◆ EXERCISE BRIEF: Would you reproduce each line below exactly, leaving every picture out?

◆ DATA BELOW:
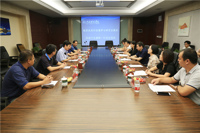 江科网讯(记者 薛敬涛)9月14日下午,外语教学与研究出版社总编辑、北京外研在线科技有限公司执行董事徐建中一行来校,受到于果董事长、张海涛副校长的接待。宾主在行政楼南一楼第三会议室举行座谈。
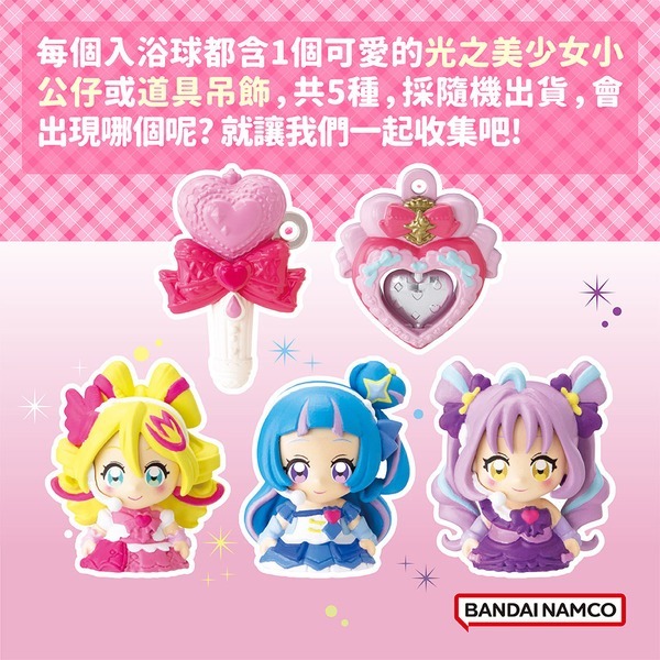 每個入浴球都含1個可愛的光之美少女小公仔或道具吊飾,
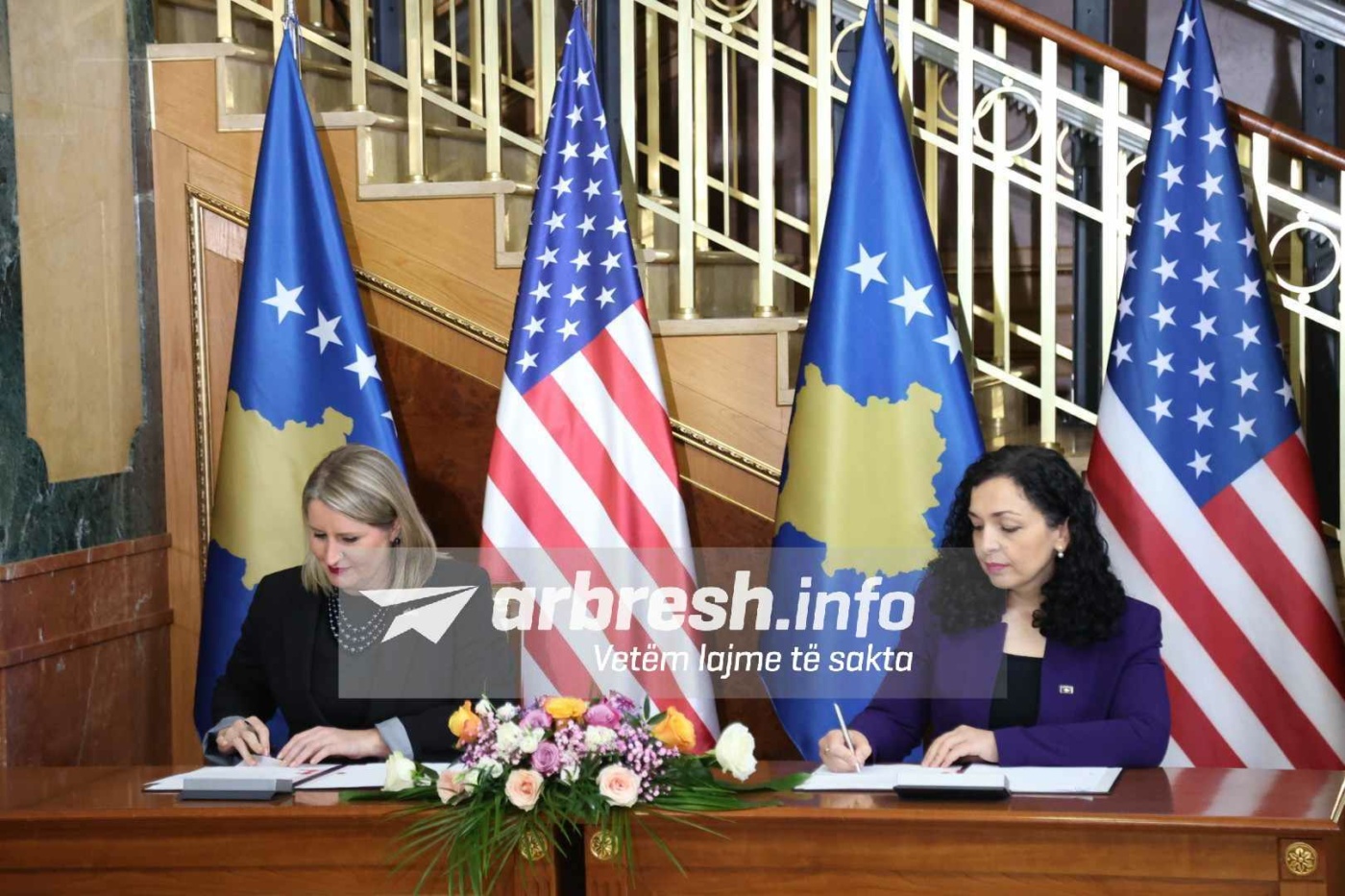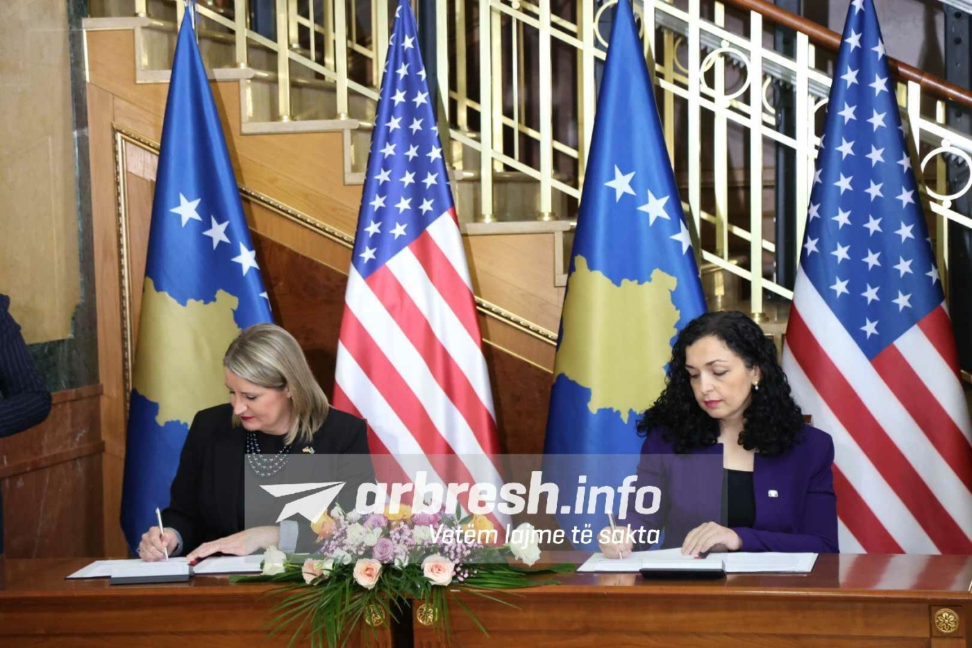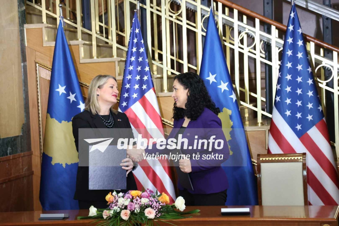 Presidentja e vendit, Vjosa Osmani dhe nënsekretarja e SHBA-së për Diplomacinë Publike, Elizabeth Allen kanë nënshkruar një marrëveshje mirëkuptimi kundër manipulimit të informacionit nga shtetet e huaja.

◆ FINISHED EXERCISE:
 江科网讯(记者 薛敬涛)9月14日下午,外语教学与研究出版社总编辑、北京外研在线科技有限公司执行董事徐建中一行来校,受到于果董事长、张海涛副校长的接待。宾主在行政楼南一楼第三会议室举行座谈。
 每個入浴球都含1個可愛的光之美少女小公仔或道具吊飾,
 Presidentja e vendit, Vjosa Osmani dhe nënsekretarja e SHBA-së për Diplomacinë Publike, Elizabeth Allen kanë nënshkruar një marrëveshje mirëkuptimi kundër manipulimit të informacionit nga shtetet e huaja.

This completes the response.